[ACTION ITEM] Where the line containing "Hrací místnost s" appears in the records below, begin there and repeat each line exactly through the final one, dropping all pictures.

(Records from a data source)
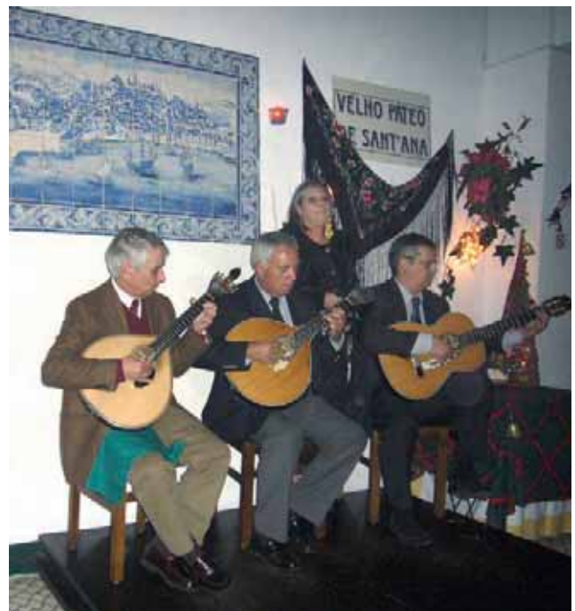
Недопустимо е да отидеш в Лисабон и да не се насладиш на традиционната, едновременно лирична и страстна, португалска музика - фадо

Приятели, споделете с ротарианците от вашите клубове и дистрикти същността на този стратегически план на РИ, защото Ротари не престава да СПОДЕЛЯ!
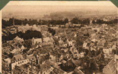
402. Blick von Turm der Kathedrale aus gesehen
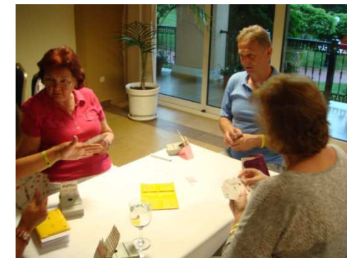
Hrací místnost s výhledem do zahrady a na moře
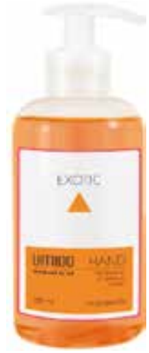
IU-NP-FSS-008 EXOTIC Flüssigseife mit Papaya- & Hibiskus-Extrakt

[RESPONSE TO THE TASK]
Hrací místnost s výhledem do zahrady a na moře
IU-NP-FSS-008 EXOTIC Flüssigseife mit Papaya- & Hibiskus-Extrakt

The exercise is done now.